* _Work instruction_:
Without any of the pictures, set down the data below exactly.

* _Given material_:
BEGIN

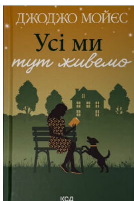
Усі ми тут живемо
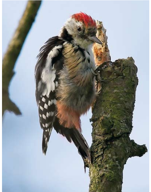
599 Jufferkraanvogel / Demoiselle Crane Grus virgo , eerstejaars, Westduinpark, Den Haag, Zuid-Holland, 9 oktober 2010 ( Garry Bakker ) 600 Middelste Bonte Specht / Middle Spotted Woodpecker Dendrocopos medius , Hollum, Ameland, Friesland, 25 september 2010 ( Geert Lamers ) 601 Bijeneters / European Bee-eaters Merops apiaster , Dijkwielen, Wieringermeer, Noord-Holland, 5 september 2010 ( Jankees Schwiebbe )
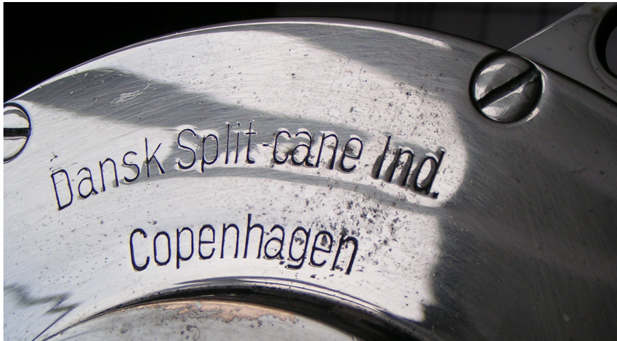
Der er megen spejleffekt i gavlene på de to hjul, men de er nok værd at kigge på alligevel. De ligner meget hinanden, men kun det til venstre er mærket. De lå hos samme sælger på lørdagens træf

END

* _Response to the exercise_:
Усі ми тут живемо
599 Jufferkraanvogel / Demoiselle Crane Grus virgo , eerstejaars, Westduinpark, Den Haag, Zuid-Holland, 9 oktober 2010 ( Garry Bakker ) 600 Middelste Bonte Specht / Middle Spotted Woodpecker Dendrocopos medius , Hollum, Ameland, Friesland, 25 september 2010 ( Geert Lamers ) 601 Bijeneters / European Bee-eaters Merops apiaster , Dijkwielen, Wieringermeer, Noord-Holland, 5 september 2010 ( Jankees Schwiebbe )
Der er megen spejleffekt i gavlene på de to hjul, men de er nok værd at kigge på alligevel. De ligner meget hinanden, men kun det til venstre er mærket. De lå hos samme sælger på lørdagens træf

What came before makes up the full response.